From June 1998 to the end of 2002, a total of seventeen patients with GER in our centre underwent laparoscopic Nissen fundoplication, accounting for 70% of all the anti-reflux surgery performed during this period. There were 13 boys and 4 girls. The average age at the procedure was 7 years 9 months. The youngest patient was only 9 months old while the oldest was 20 years old. Indications for surgery included severe symptoms of vomiting or regurgitation (10 patients), failure to thrive (8 patients) and recurrent aspiration pneumonia (7 patients). Many patients had overlapping symptoms. Thirteen patients (76.5%) also had other underlying abnormalities. Eight patients had cerebral palsy. Two patients had degenerative brain disease. One patient had tracheo-oesophageal fistula with resection of the fistula and primary anastomosis done. One had chromosomal abnormality and one had non-specific developmental delay. All patients underwent 24-hour pH study to confirm the diagnosis of gastro-oesophageal reflux before definitive surgery.

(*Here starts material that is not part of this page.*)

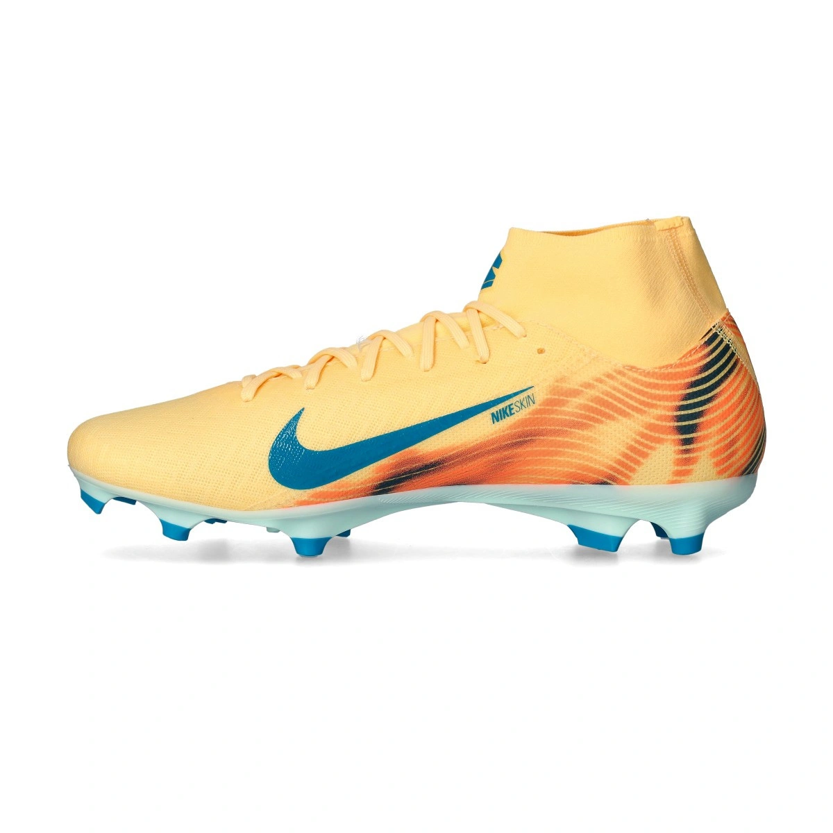 Nike Air Zoom Mercurial Superfly 10 Academy KM FG/MG voetbalschoen. Schroefdraadschoen te gebruiken op kunstgras of natuurgras. Basisbereik laars in Melon Tint-Neo Turq-Igloo kleurstelling.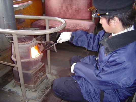 特に冬季に運行される「ストーブ列車」は、車内にレトロなダルマ型の石炭ストーブが設置されて、乗客はストーブの火で炙りながら香ばしいスルメを味わうことができます。

The mean operative duration was 180 minutes (120 minutes for open fundoplication). Three patients (17.6%) needed conversion to open fundoplication. In one of the patients, it was due to difficulty in visualising the gastro-oesophageal junction at laparoscopy. Another conversion was needed because the operative field was obscured by a loop of dilated bowel. The most recent conversion was due to multiple adhesions as a result of previous laparotomy in a child with previous necrotizing enterocolitis. There were four postoperative complications (23.5%). One patient had wound infection, which resolved with antibiotic treatment. Another two patients had persistent symptoms. One of them was later found to have achalasia. The other patient with persistent symptoms finally required a redo fundoplication. Intra-operatively it was found that there was a small hiatal defect between the right crus and the oesophagus. The patient became symptom free after the redo operation. The fourth complication was due to too tight a wrap around the gastro-oesophageal junction. The patient presented with dysphagia post operatively. Dilatation of the gastro-oesophageal junction was done but symptoms did not resolve. Finally a redo operation was decided with subsequent good outcome. Overall, failure rate of laparoscopic fundoplication to provide symptomatic relief was only 11.8%. The rate for redo fundoplication was also 11.8%. In conclusion, our initial experience with laparoscopic fundoplication was encouraging. Both the operative time as well as the specific complication rate was comparable to other major centers in the world.22 Furthermore, the majority of patients became symptom free after the surgery. The complication rate and operative duration will further improve as our technique matures. We therefore envisage the continued widespread use of this technique in the paediatric population.